29
En un mundo pequeño y oscuro, situado en medio de ninguna parte, es decir en ningún sitio que pueda encontrarse, ya que está protegido por un vasto campo de improbabilidad del que sólo seis hombres de esta galaxia tienen la llave, estaba lloviendo.
Caía a cántaros, desde hacía horas. La lluvia batía la superficie del mar hasta convertirla en niebla, golpeaba los árboles, agitaba y revolvía un terreno bajo cerca del mar convirtiéndolo en una charca embarrada.
Se precipitaba y danzaba sobre el techo de metal ondulado de la pequeña cabaña que se elevaba en medio del barrizal. Borraba el pequeño y tosco sendero que llevaba de la cabaña a la playa y aplastaba los pulcros montones de interesantes conchas allí colocadas.
En el interior de la cabaña, el golpeteo de la lluvia era ensordecedor, pero a su ocupante le pasaba inadvertido, pues tenía puesta la atención en otra cosa.
Era un hombre alto de movimientos lentos y ásperos cabellos rubios, húmedos por el agua que se filtraba del techo. Llevaba ropas harapientas, tenía la espalda encorvada y sus ojos, aunque abiertos, parecían cerrados.
En la cabaña había un sillón viejo y estropeado, una mesa decrépita y llena de arañazos, un colchón viejo, unos cojines y una estufa pequeña pero caliente.
También había un gato viejo y un tanto curtido por la intemperie, y en aquellos momentos constituía el centro de atención del hombre, que inclinó sobre él su cuerpo encorvado.
—Gatito, gatito, gatito —dijo—, cuchicuchicuchicu... ¿Quiere su pescado el gatito? ¿Quiere el gatito... un buen trozo de pescado?
El gato parecía indeciso sobre el tema. Con bastante condescendencia, rozó con la garra el trozo de pescado que le ofrecía el hombre, y luego se distrajo con una mota de polvo que vio en el suelo.

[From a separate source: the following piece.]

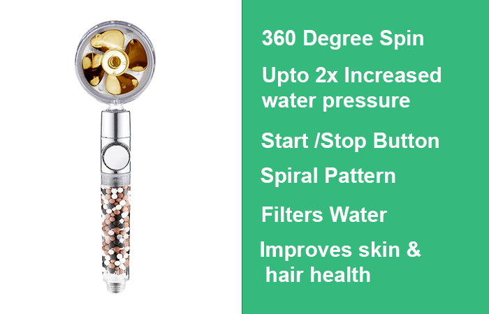 Der TurboFan-Duschkopf verfügt über ein Turbofan-Design, das ein wunderschönes Muster des fließenden Wassers erzeugt, und auch der goldfarbene Ventilator sieht wunderschön aus. Der Duschkopf ist wassersparend und verfügt über lasergeschnittene Mikrolöcher, die die Wassergeschwindigkeit erhöhen und so einen bis zu doppelten Wasserdruck für ein verbessertes Duscherlebnis bieten.

—Si el gatito no se come el pescado, creo que el gatito adelgazará y se pondrá malo —dijo el hombre. En su voz había duda—. Supongo que eso es lo que ocurrirá —prosiguió—, pero ¿cómo puedo saberlo?
Volvió a ofrecerle el pescado.
—El gatito está pensando —dijo— si va a comer el pescado o no se lo va a comer. Creo que será mejor no entrometerme.
Suspiró.
—Yo creo que el pescado está bueno, pero también pienso que la lluvia es húmeda, así que, ¿quién soy yo para juzgar?

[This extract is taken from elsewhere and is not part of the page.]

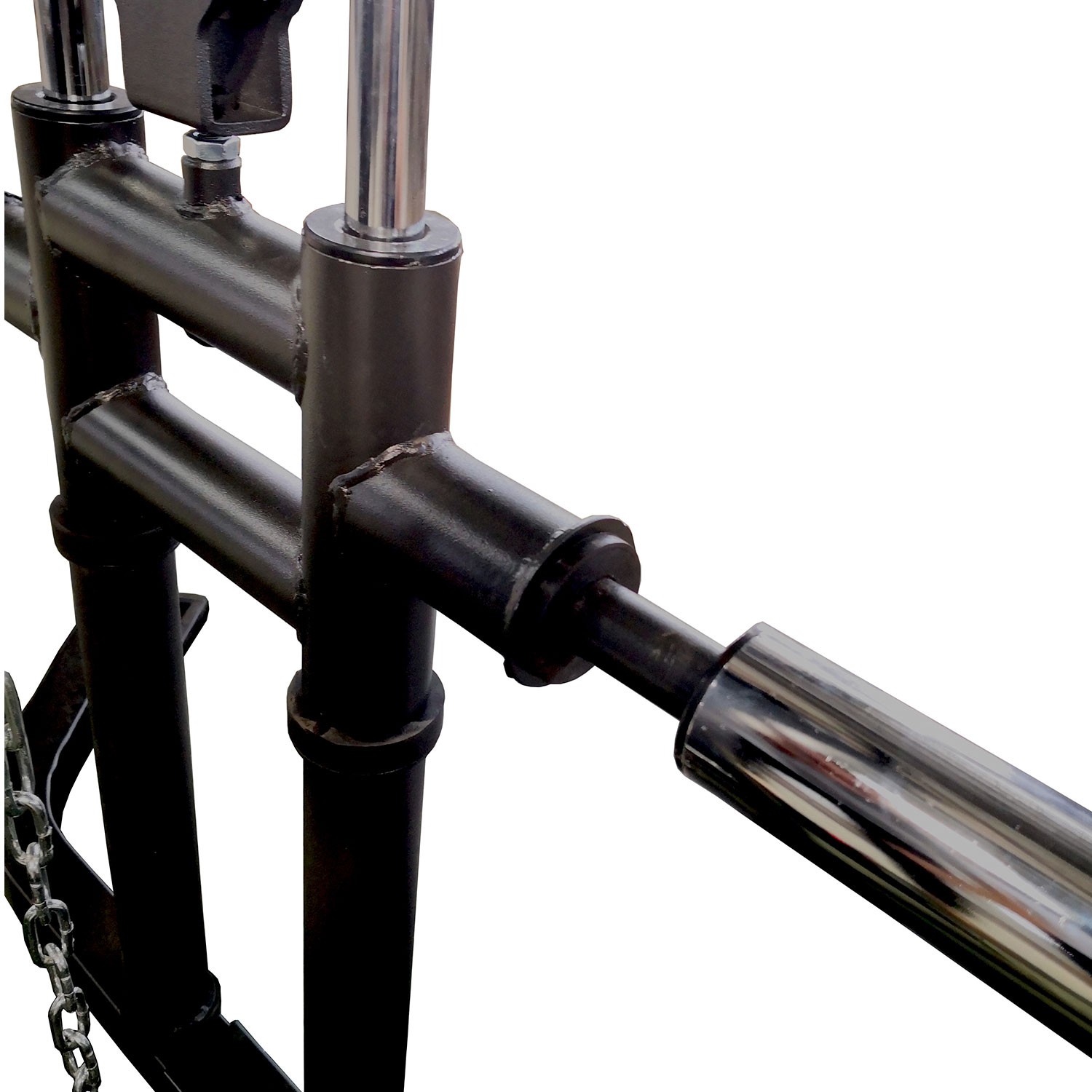 Рама тренажера изготовлена из высококачественного стального профиля размером 60х60 и толщиной 2 мм. Покраска в нейтральный черный цвет. Направляющие роликов и держатели дисков выполнены из нержавеющей стали.

Dejó el pescado en el suelo, cerca del gato y se retiró al sillón.
—Ah, me parece ver que te lo estás comiendo —dijo al fin, mientras el gato agotaba las posibilidades de diversión de la mota de polvo y caía sobre el pescado.
—Me gusta verte comer el pescado —dijo el hombre—, porque según mi opinión perderás peso si no lo haces.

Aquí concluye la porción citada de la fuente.